By the numbers, KeyBank reported Q1 earnings of $183 million, or 20 cents per share, affected by a two-cent FDIC special assessment charge. Despite this, the bank posted its strongest first-quarter investment banking results in history, with fee revenue increasing 6% both sequentially and year-over-year. Retail relationship households grew by 2.5%, and commercial client numbers by 6%, reflecting steady customer deposit growth and reduced reliance on costlier funding sources. Expenses were at $1.1 billion, while non-performing assets and credit losses remained low. KeyBank also continued to build its credit reserves.
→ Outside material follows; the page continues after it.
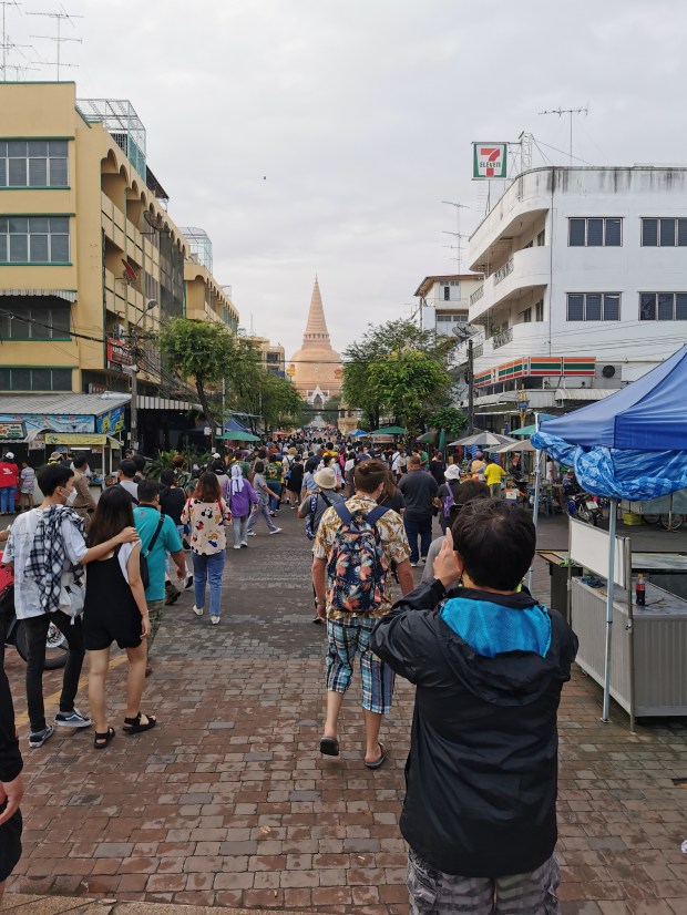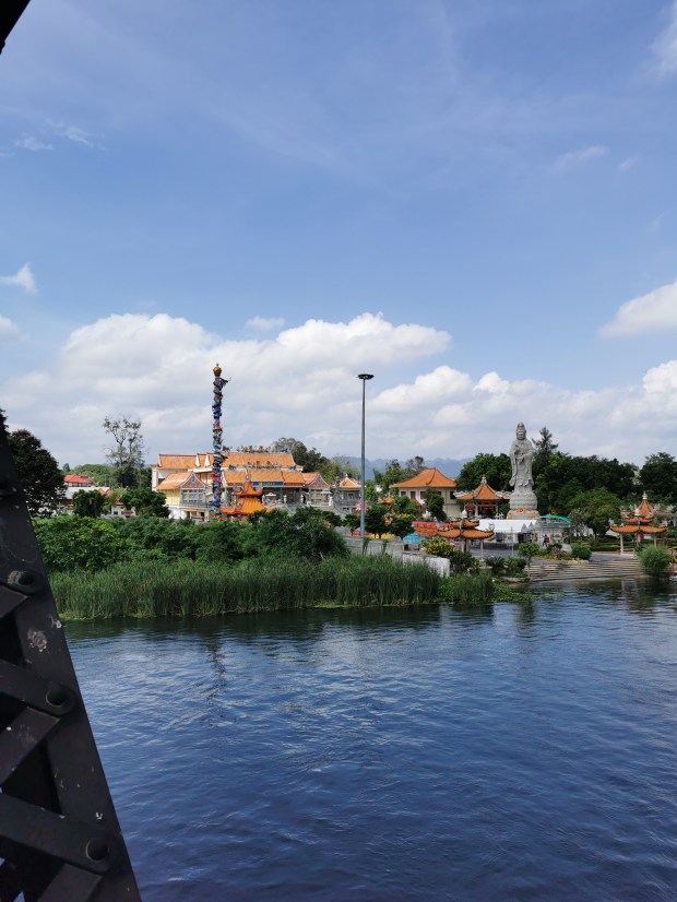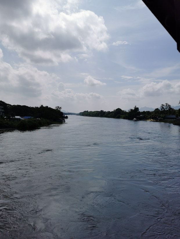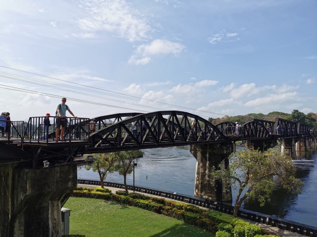 Erster Stopp war in dem Ort „Nakhom Pathom“. Hier hatten wir einen Aufenthalt von 30 Minuten. Da wir nicht wussten wohin wir gehen sollen, folgten wir einfach den anderen und gingen die Straße vom Bahnhof kommend geradeaus . Am Ende dieser Straße stand ein großer Chedi (eine kleine spitze Tempelanlage). Wir machten ein paar Fotos und nutzten die dortigen Toilettanlagen. Rasch gingen wir wieder zurück zum Bahnhof. Unterwegs kauften wir uns noch ein paar Snacks für die Fahrt. Der Zug fuhr ein, wir nahmen erneut Platz und der Motor wurde wieder gestartet. Der nächste Halt war der eigentliche Grund weshalb wir diese Tour gebucht hatten – „die Brücke am Kwai“. Wir stiegen aus und schauten sie uns näher an. Sie wurde im zweiten Weltkrieg gebaut um Thailand mit dem Bahnnetzwerk in Burma zu verbinden. Von Burma aus wurden Versorgungszüge nach Thailand geschickt, um den langen und riskanten Seeweg zu vermeiden.

The quarter also marked a record for organic capital accumulation. The bank saw strong performance across capital markets and has been actively raising capital, totaling over $22 billion in the quarter, of which 12% was retained on the balance sheet. Gorman took time in the earnings call to highlight a new strategic partnership with Blackstone, which aims to enhance growth and manage credit risks using an underwrite-to-distribute model.

“This partnership will allow us to accelerate growth and manage credit concentration risk within our differentiated commercial platform,” Gorman said. “It is another example of how we are delivering best in class execution for our clients. This deal also further validates our distinctive underwrite to distribute model, in that one of the largest private credit providers has recognized our platform for its ability to originate soundly underwrite and service at volume with our high-quality clients. As markets evolve, we will continue to evaluate the potential for arrangements with other leading providers like this one, which allow us to operate distinctive experience for our clients, while concurrently managing our risk.”
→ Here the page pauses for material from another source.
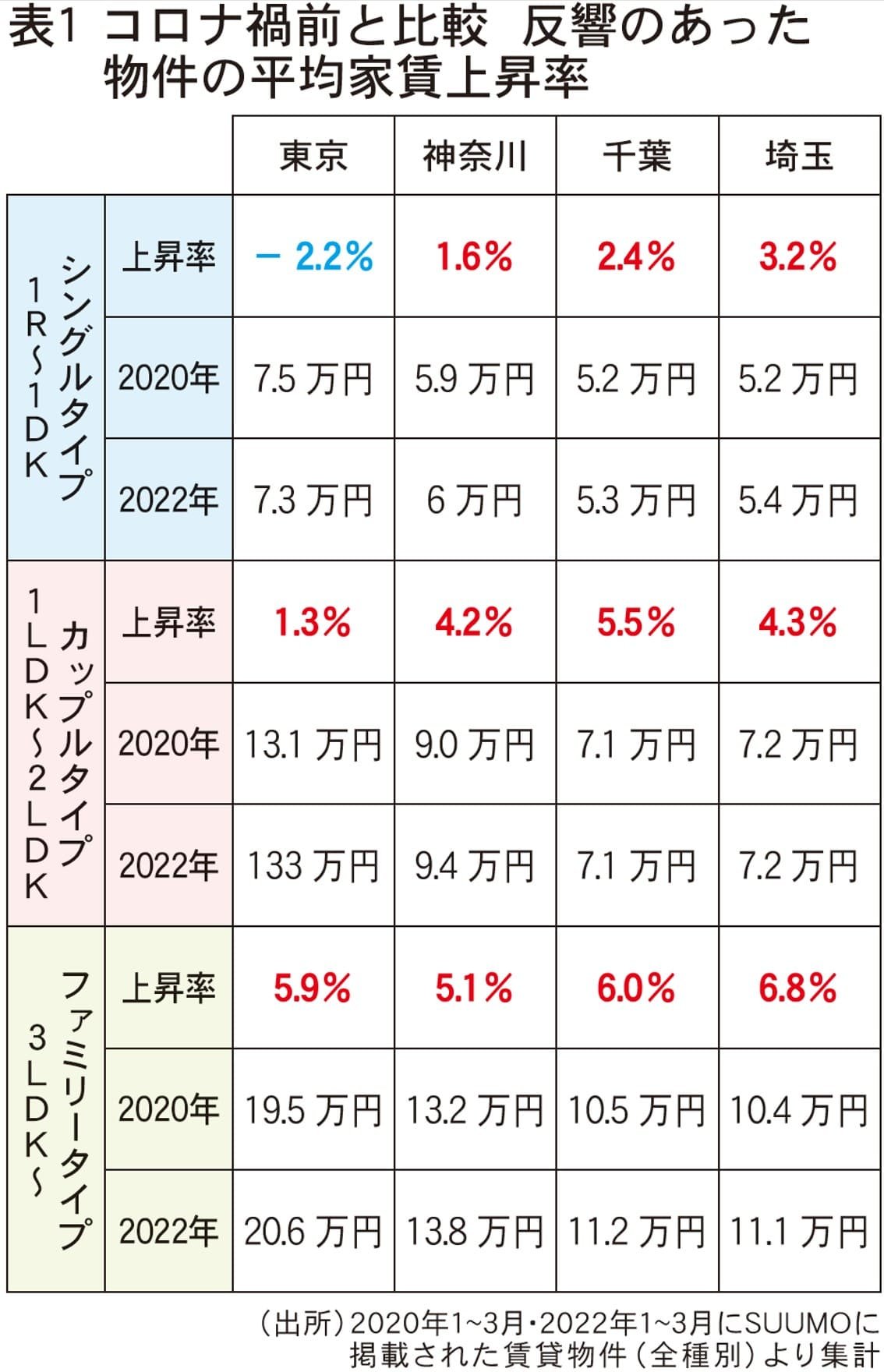 上昇額はシングルタイプで1000円~2000円程度、カップルタイプで2000円~4000円程度、ファミリータイプで6000~1万1000円程度で、広い間取りほど上昇率も高かった。(表1)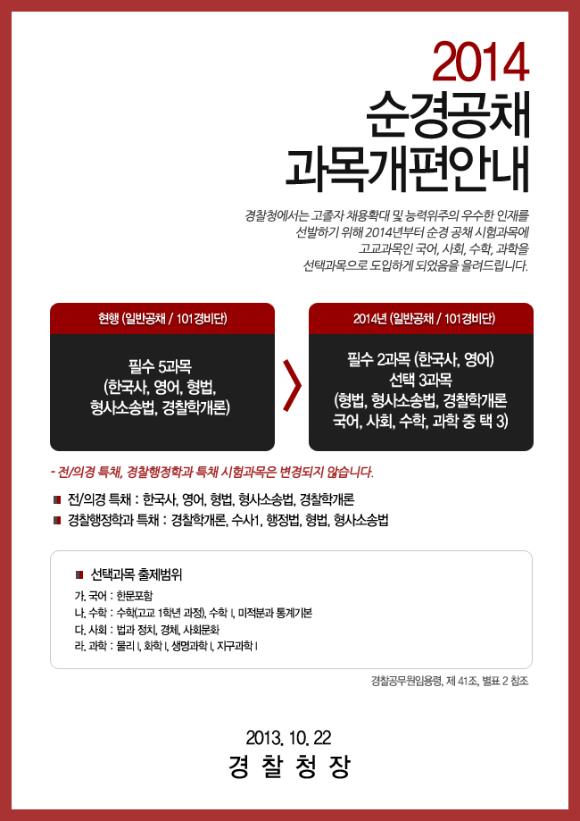 2014년 순경공채 과목개편안내 페이지 정보 작성자 중앙경찰학원 댓글 0건 조회 15,289회 작성일 13-10-23 16:15 목록 본문 . 이전글14년도 경찰관 채용시험 계획 공지 13.12.09 다음글2013년 유무선 레이더 전문요원 특별채용 공고 13.10.21 목록 글쓰기 수정 답변 삭제

In keeping with the theme of managing liquidity, Gorman also focused on credit quality, highlighting a strong performance with non-performing loans, net credit losses, and delinquencies maintaining low historical levels, all below the bank’s full-year targets for 2024. He did note a first-quarter increase in “criticized” loans, which are an indicator of financial stress, saying that they can be expected during a prolonged period of higher inflation. According to the earnings call presentation, over 90% of the clients considered most vulnerable were in a sustained high-inflation environment, covering over 80% of the bank’s commercial exposures.
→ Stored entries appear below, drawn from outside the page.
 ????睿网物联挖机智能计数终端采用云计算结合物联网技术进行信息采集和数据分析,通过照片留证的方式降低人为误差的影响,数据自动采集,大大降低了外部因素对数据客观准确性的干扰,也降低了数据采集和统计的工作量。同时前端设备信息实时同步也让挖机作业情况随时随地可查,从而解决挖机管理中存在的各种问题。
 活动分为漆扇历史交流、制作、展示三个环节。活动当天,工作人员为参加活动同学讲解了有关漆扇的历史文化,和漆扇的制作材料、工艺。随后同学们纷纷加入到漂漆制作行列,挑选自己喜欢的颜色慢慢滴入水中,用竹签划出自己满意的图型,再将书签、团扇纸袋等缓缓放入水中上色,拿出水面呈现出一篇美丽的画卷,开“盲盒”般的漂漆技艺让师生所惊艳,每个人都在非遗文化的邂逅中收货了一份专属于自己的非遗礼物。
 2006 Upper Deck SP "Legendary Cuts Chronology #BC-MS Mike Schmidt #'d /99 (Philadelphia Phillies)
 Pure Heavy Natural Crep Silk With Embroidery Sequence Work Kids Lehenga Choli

In the weeks preceding the first-quarter earnings announcement, KeyBank focused on its residential loan programs. Its Home Buyer Credit program offers homebuyers purchasing eligible properties in designated communities up to $5,000 toward closing costs and prepaid fees. From the program’s inception in September 2022 through March 26, 2024, the bank funded approximately $1.7 million in Home Buyer Credits, for 382 clients. In total, KeyBank has $322.9 million in mortgage loan applications for approximately $2.8 million in Home Buyer Credits to assist 646 clients.